A bicycle pedal which is rotatably installed on a crank of a bicycle includes a pedal body and an axle. The pedal body includes an axle bore transversely passing through two ends thereof. The axle is formed in a straight column shape and passes through the axle bore. The axle is provided with a first end and a second end. The first end is screwedly mounted to the crank. The second end is provided with a blocking portion resisting against an outer edge of the pedal body. The pedal body rotates against the axle. A tool driving portion is disposed on an outer side of the second end for a tool to drive. With such configuration, the first end is fastened to be attached to the crank or loosened to be detached from the crank.

Description

BACKGROUND OF THE INVENTION

1. Field of the Invention
The present invention relates to bicycle assemblies, and more particularly, to a bicycle pedal.
2. Description of the Related Art
A traditional bicycle pedal is fastened on a bicycle crank and comprises a pedal body, an axle, a self-lubricating sleeve, a bearing unit, and a positioning limiting unit. The pedal body includes an axle bore passing therethrough. An inner end of the axle is attached to the crank, an outer end of the axle passes through the axle bore. The self-lubricating sleeve and the bearing unit are disposed between the axle and the pedal body. The position limiting unit is disposed at the outer end of the axle.
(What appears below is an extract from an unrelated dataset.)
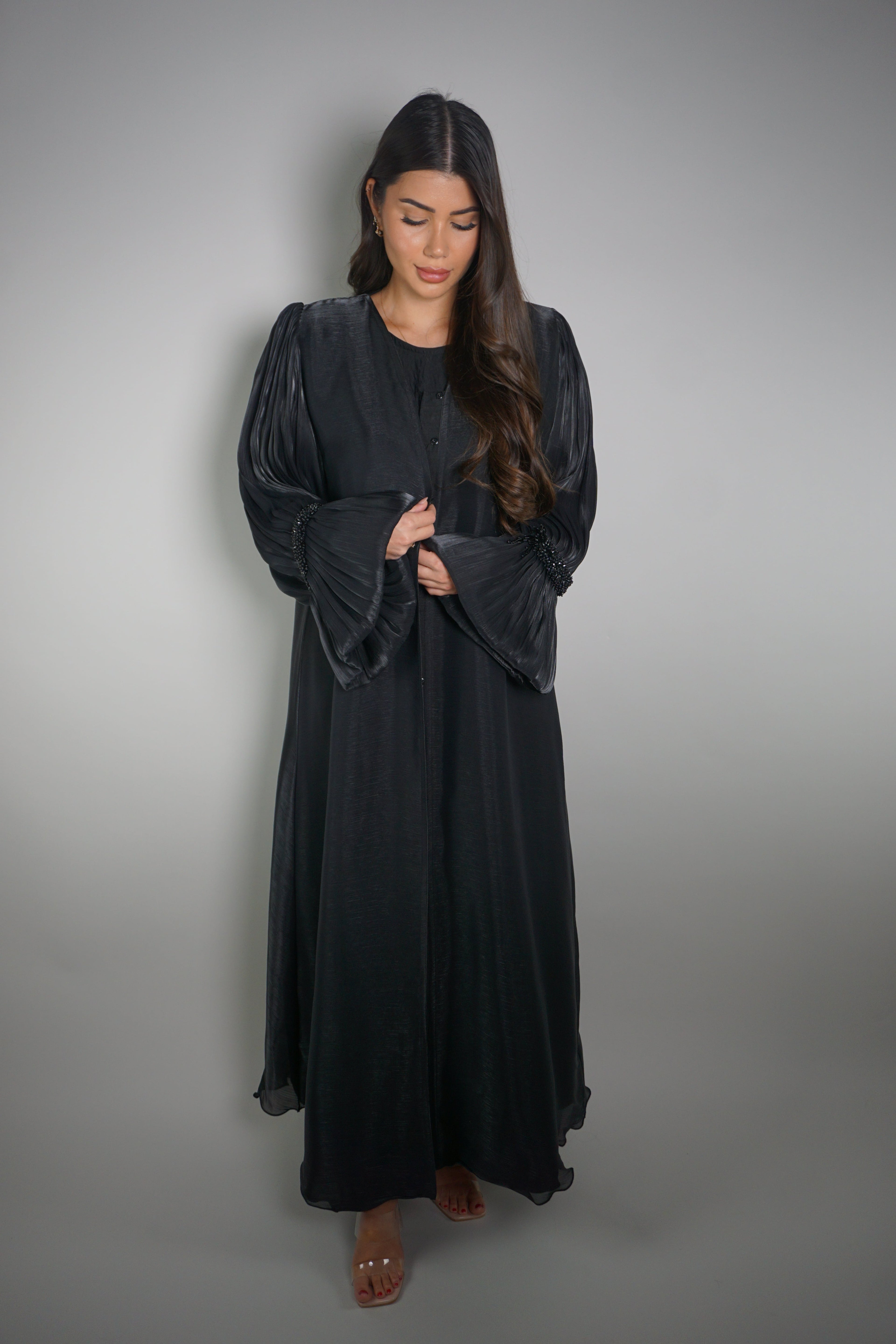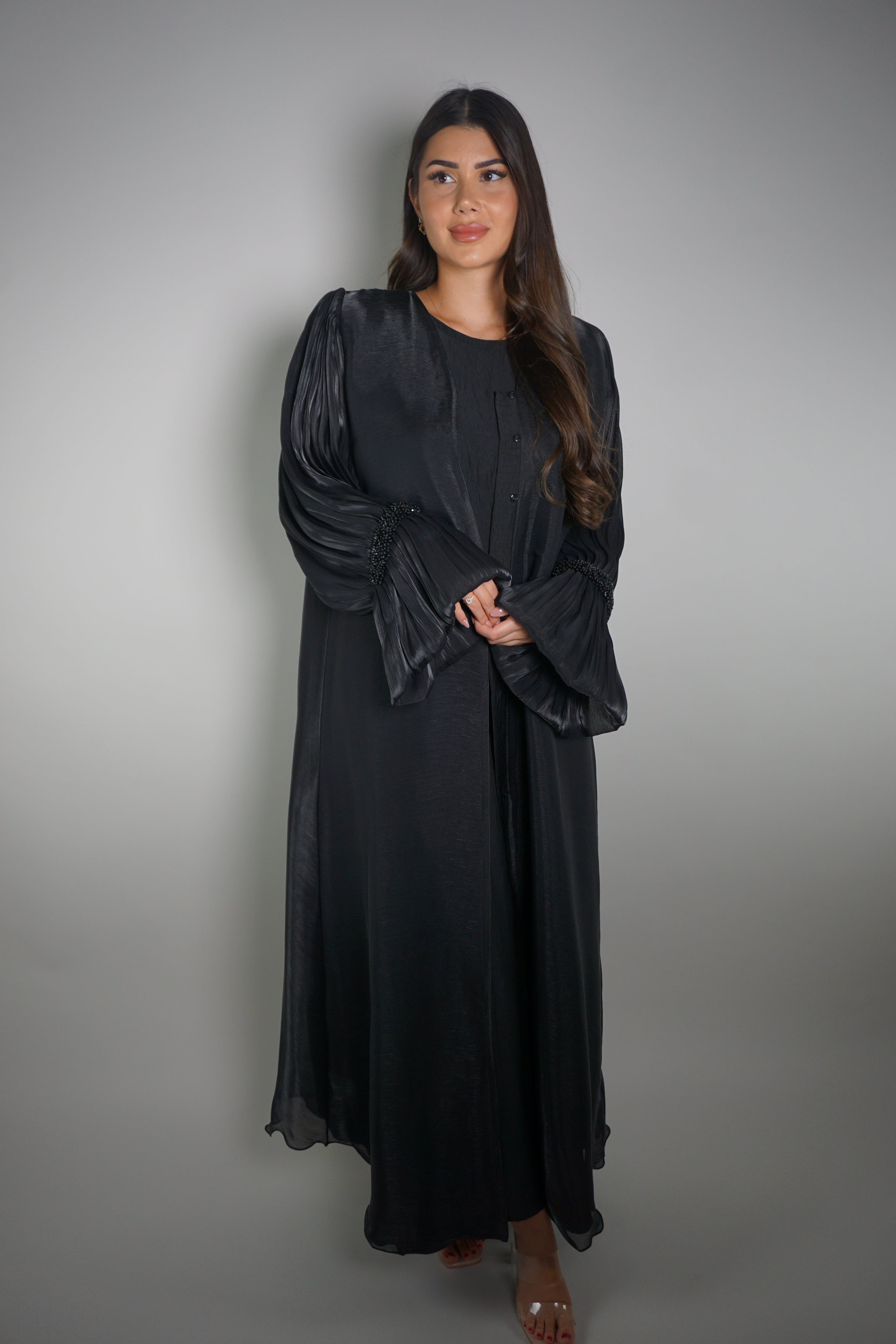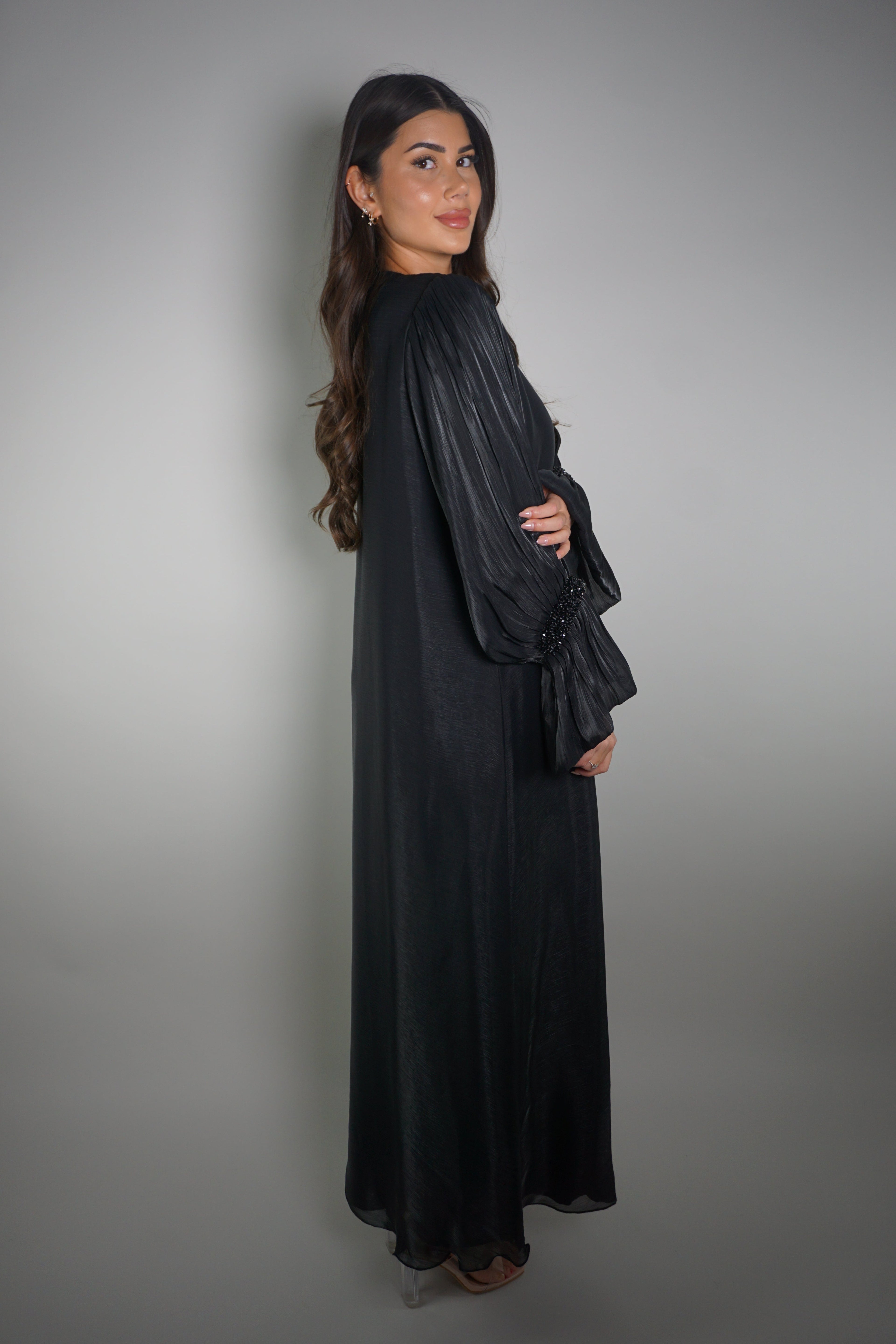 • Schlicht, edel und mit dem gewissen Etwas – die Black Plissé Sleeve Abaya kombiniert einen fließenden Schnitt mit fein gearbeiteten, plissierten Ärmeln. Dezente Steinverzierungen sorgen für einen stilvollen Akzent, der dem Look Tiefe verleiht, ohne laut zu wirken.

With such configuration, when the pedal body and the axle axially move against each other, the position limiting unit prevents the pedal body from detaching from the axle.
Regarding the known bicycle pedal aforementioned, for achieving a stable installation, the axle is usually formed in a cone shape tapering toward the direction away from the crank. However, such a cone shape often internally causes the center of the pedal body to be structurally weak. Also, the amount of the internal components of such pedal body is relative large, causing a higher cost of the overall bicycle pedal.
Furthermore, when the bicycle pedal is to be installed on the crank or needs to be uninstalled from the crank for components replacement due to damage, a tool is required for being used to conduct the installation or uninstallation from an inner end of the crank, failing to meet the convenience of usage. In other words, the installation and uninstallation operation of such pedal are not efficiently conducted.
Therefore, an improved bicycle pedal is needed to overcome the known disadvantages above.

SUMMARY OF THE INVENTION

For improving the aforementioned issues, embodiments of the present invention disclose a bicycle pedal having a straight-column shaped axle, which enhanced the structural strength of the pedal body and facilitates the installation and uninstallation operation of the bicycle pedal against a crank of the bicycle.
For achieving the objectives, embodiment of the present invention provides a bicycle pedal rotatably installed on a crank of a bicycle, comprising:

- a pedal body including an axle bore transversely passing through two ends thereof; and
- an axle formed in a straight column shape, passing through the axle bore, and provided with a first end and a second end, the first end screwedly mounted to the crank, the second end including a blocking portion resisting against an outer edge of the pedal body, the pedal body rotating against the axle, and a tool driving portion disposed on an outer side of the second end.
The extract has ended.